**SUPPLIED DATA**
<<<<

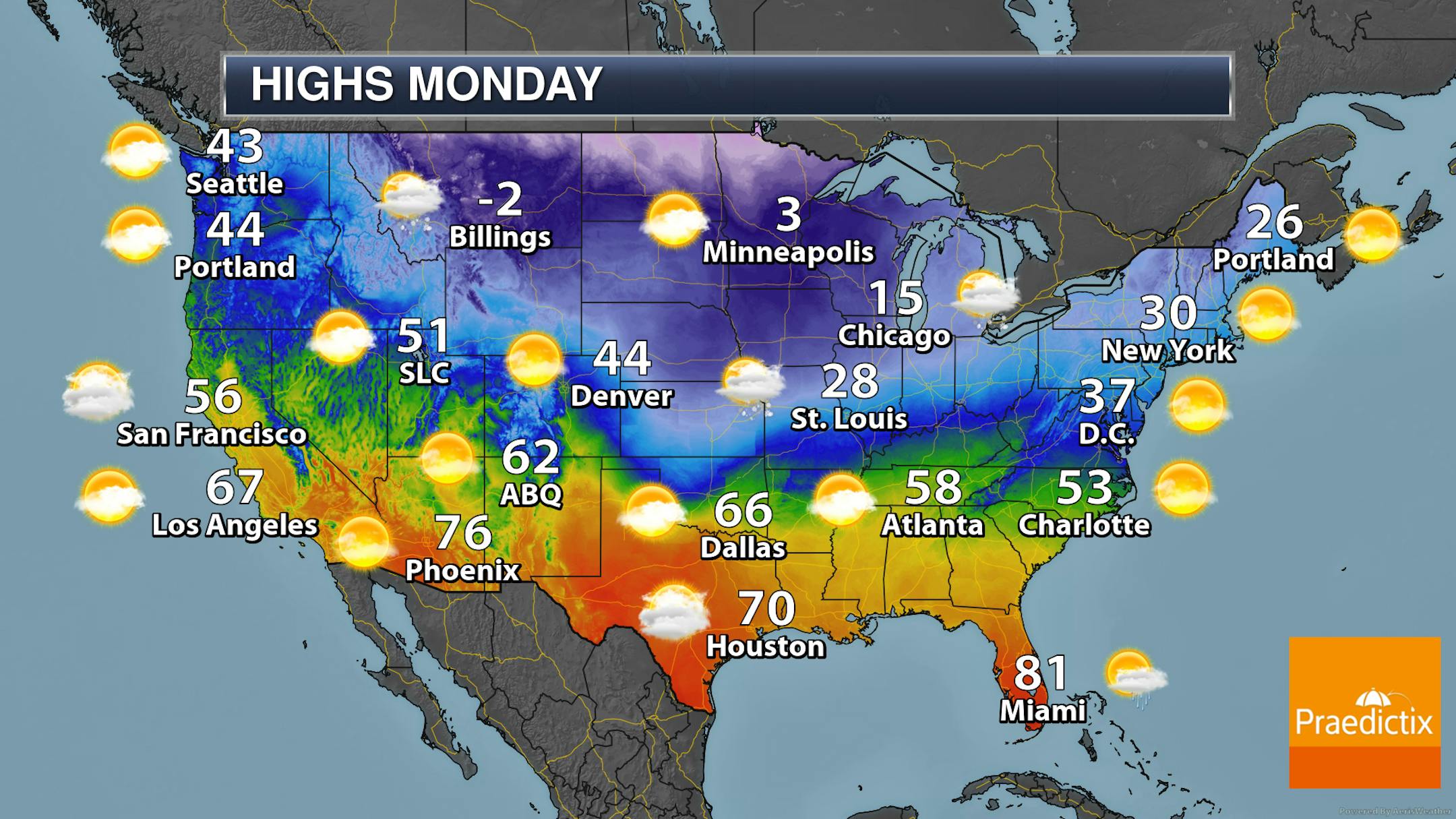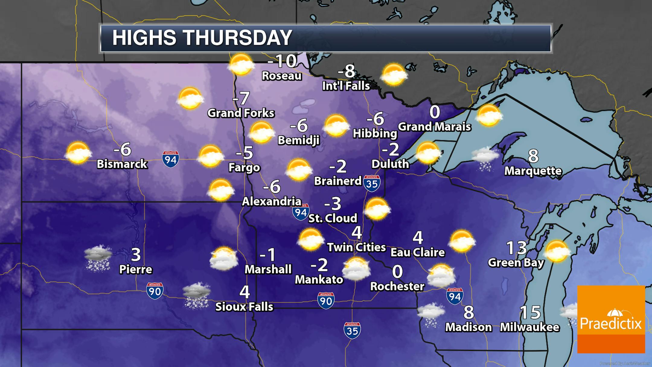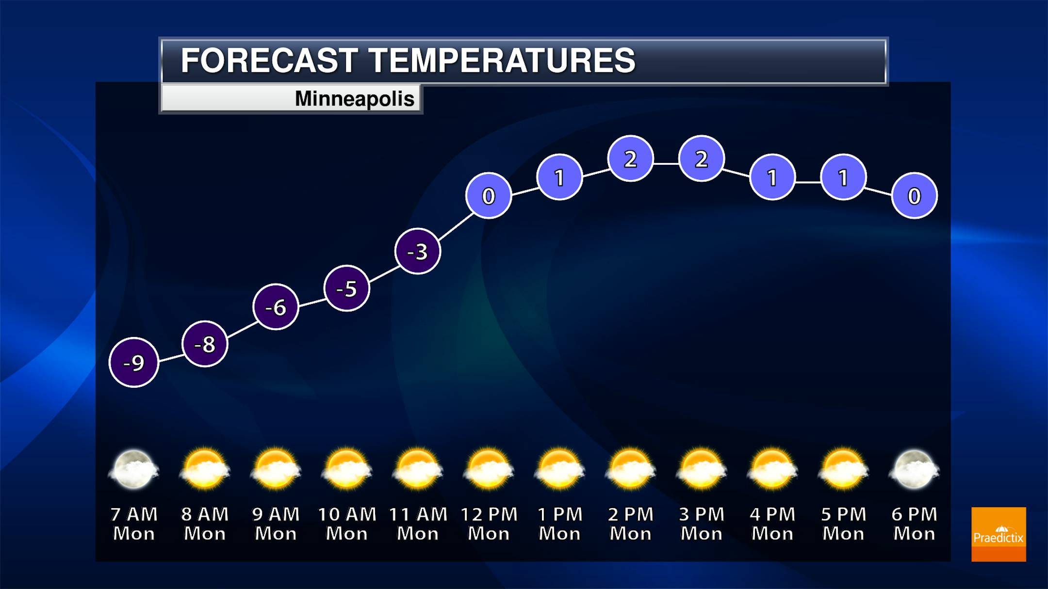 When we look at daytime highs Monday across the state... yep, it's still cold. Highs will range from the mid-single digits above zero in southwestern Minnesota to the teens below zero up north. A mix of sun and clouds to mainly sunny skies are expected.
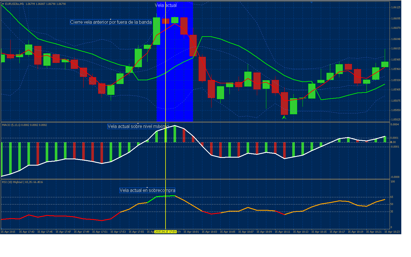 1. La vela anterior haya tenido un cierre o apertura por fuera de las líneas externas de las Bandas de Bollinger (pero que no repita en el caso de existir velas sucesivas con esta condición, solo dar aviso con la primera vez).
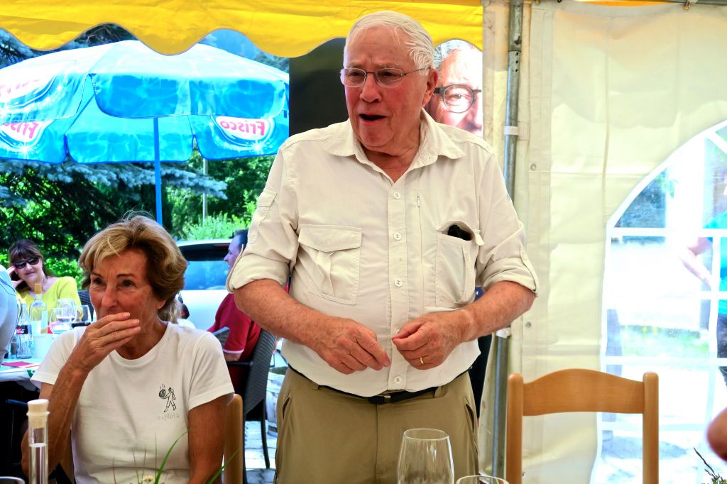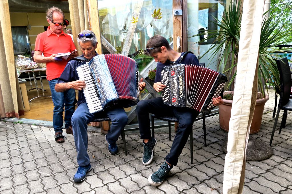 La festa è iniziata con una camminata, per quelli che ce la facevano, dall’Hotel Le Prese a Miralago, dove è stato offerto un aperitivo con gustosi stuzzichini. Qui ho avuto personalmente una lunga e interessante discussione politica con la consigliera nazionale Magdalena Martullo-Blocher, più tardi con l’aggiunta di Delio Iseppi. La Consigliera nazionale ci ha informato su molteplici argomenti che riguardano l’Accordo quadro con l’UE e le valutazioni negative di esperti. Al termine dell’aperitivo la comitiva è ripartita a piedi per raggiungere Miravalle.
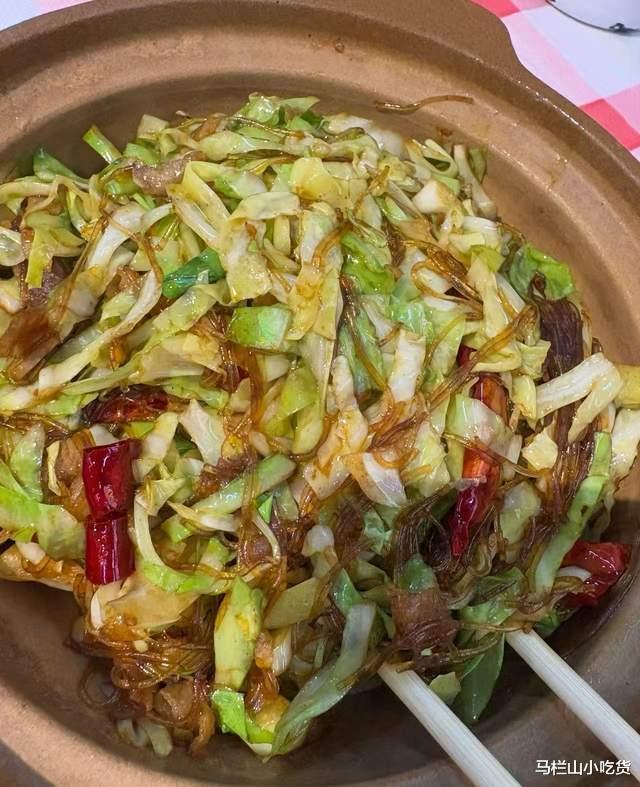 砂锅包菜粉丝:自带锅气的菜,甜脆的包菜和细滑的粉丝一起,直接在加热的砂锅里烹饪,是很多人喜欢的菜。

>>>>

**DIRECTIONS FOR THIS TASK**
Only lines belong in the copy: transcribe those from the start of the data through the line that contains "1. La vela anterior", and skip the pictures.

**RESULT OF THIS EXERCISE**
 When we look at daytime highs Monday across the state... yep, it's still cold. Highs will range from the mid-single digits above zero in southwestern Minnesota to the teens below zero up north. A mix of sun and clouds to mainly sunny skies are expected.
 1. La vela anterior haya tenido un cierre o apertura por fuera de las líneas externas de las Bandas de Bollinger (pero que no repita en el caso de existir velas sucesivas con esta condición, solo dar aviso con la primera vez).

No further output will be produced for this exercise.